Washington y Caracas anunciaron el viernes 28 de agosto que habían firmado un acuerdo petrolero “histórico”que verá a Estados Unidos tomar el control mayoritario de más de 65 mil millones de barriles de las reservas de Venezuela.
En una publicación en Truth Social, el presidente estadounidense Donald Trump lo llamó un “El mayor acuerdo petrolero de la historia mundial” lo que, según él, duplicaría las reservas de petróleo de Estados Unidos. Precisa que el acuerdo se estableció “en estrecha colaboración con el presidente interino de Venezuela”Delcy Rodríguez, y “a través de una asociación con empresas privadas”.
Caracas confirmó que firmó un acuerdo petrolero “histórico” con Estados Unidos, Delcy Rodríguez agradeció “cálidamente” Donald Trump en un comunicado de prensa publicado en las redes sociales. Según ella, el acuerdo prevé “desarrollar 17 campos estratégicos, con un potencial probado de 65 mil millones de barriles de petróleo, una inversión de más de $100 mil millones y más de $209 mil millones en ingresos fiscales para el Estado” Venezolano.
“Para el pueblo venezolano, este acuerdo (…) apoyará miles de empleos bien remunerados y promoverá la reconstrucción de la economía venezolana”declaró también el jefe de la diplomacia estadounidense, Marco Rubio, en X, confirmando “casi 100 mil millones de dólares en inversión privada” en el país.
Venezuela tiene las mayores reservas probadas de petróleo del mundo, con más de 303 mil millones de barriles. Pero su producción sigue siendo limitada. Al mismo tiempo, las acciones estratégicas estadounidenses (“reserva estratégica de petróleo”o SPR) están en su nivel más bajo desde noviembre de 1982, según datos de la Administración de Información Energética (EIA) de Estados Unidos.
Washington se ha comprometido a liberar gradualmente 172 millones de barriles de los 415 millones que componían la SPR a finales de febrero para compensar las perturbaciones del suministro y el aumento de los precios del crudo vinculados a la guerra en curso en Oriente Medio.
Según Donald Trump, “esta transacción histórica” entre Estados Unidos y Venezuela permitirá “reducir significativamente el precio de la gasolina para todos los estadounidenses durante muchos años”. El presidente estadounidense también asegura que este acuerdo “No les costará nada a los contribuyentes estadounidenses”.

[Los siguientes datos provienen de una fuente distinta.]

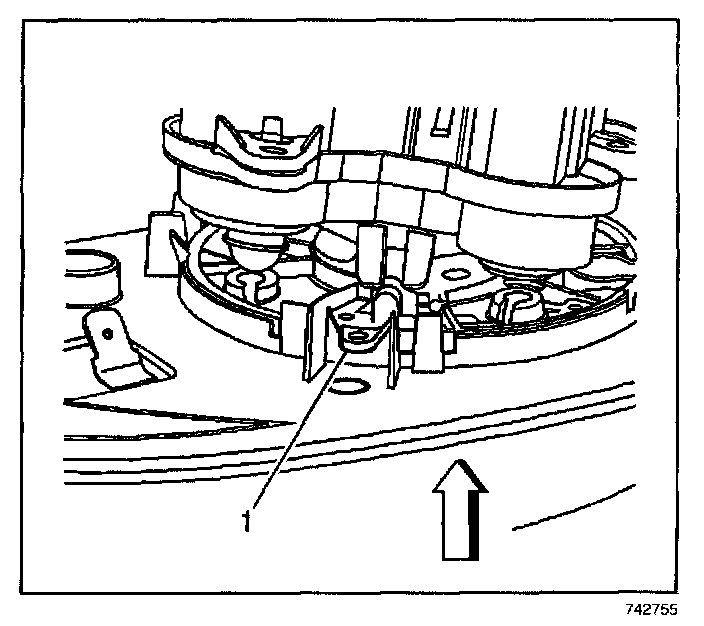 1. Manually tilt the top edge of the left mirror glass away from the mirror housing in order to gain access to the upper mirror glass retaining tab. Carefully release the upper glass retaining tab (1) using a flat-bladed tool while simultaneously tilting the mirror glass away from the mirror housing. Refer to the illustration above.
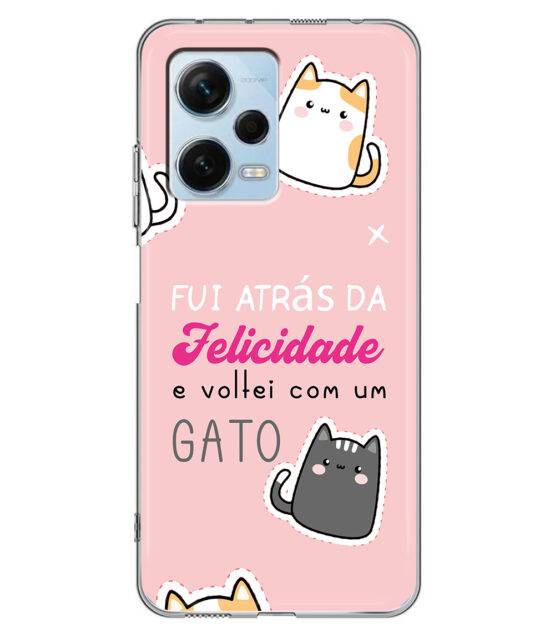 Capa de telemóvel em silicone para Xiaomi Redmi Note 12 Pro 5G com a frase Fui atrás da felicidade e voltei com um gato

Desde la incursión militar estadounidense que condujo a la captura de Nicolás Maduro a principios de enero, Donald Trump quiere relanzar la explotación de los recursos de petróleo y gas venezolanos bajo su propio patrocinio. El gobierno estadounidense intenta presionar a las empresas estadounidenses para que se involucren en el país, pero provoca reacciones encontradas ante las fuertes inversiones necesarias para rehabilitar la infraestructura petrolera del país y extraer el oro negro.
Según él, Estados Unidos podría buscar con este acuerdo “crear una especie de zona estatal donde las empresas estadounidenses puedan establecerse, realizar sus actividades sin sufrir repercusiones y (…) eliminar el riesgo político que suele acompañar a las inversiones en Venezuela”.
Para Jorge R. Piñón, investigador del Instituto de Energía de la Universidad de Texas en Austin, muchos “áreas grises” Sin embargo, persisten, en particular el riesgo de que un futuro gobierno venezolano cambie repentinamente. “las reglas del juego”poniendo en duda cualquier acuerdo actual. “Son proyectos que seguramente tardarán muchos años en ver la luz y dar frutos”estima también el experto en petróleo Oswaldo Felizzola.
Para Elías Ferrer, fundador del think tank Orinoco Research, este anuncio es“un conjunto de historias en torno a acuerdos que ya se estaban negociando”siendo en todos los casos la compra por parte de Estados Unidos de crudo venezolano “garantizado”. Según el experto, Donald Trump presenta estos acuerdos como una victoria política, situándolos en el contexto más amplio del conflicto en Oriente Medio y el aumento de los precios de la energía.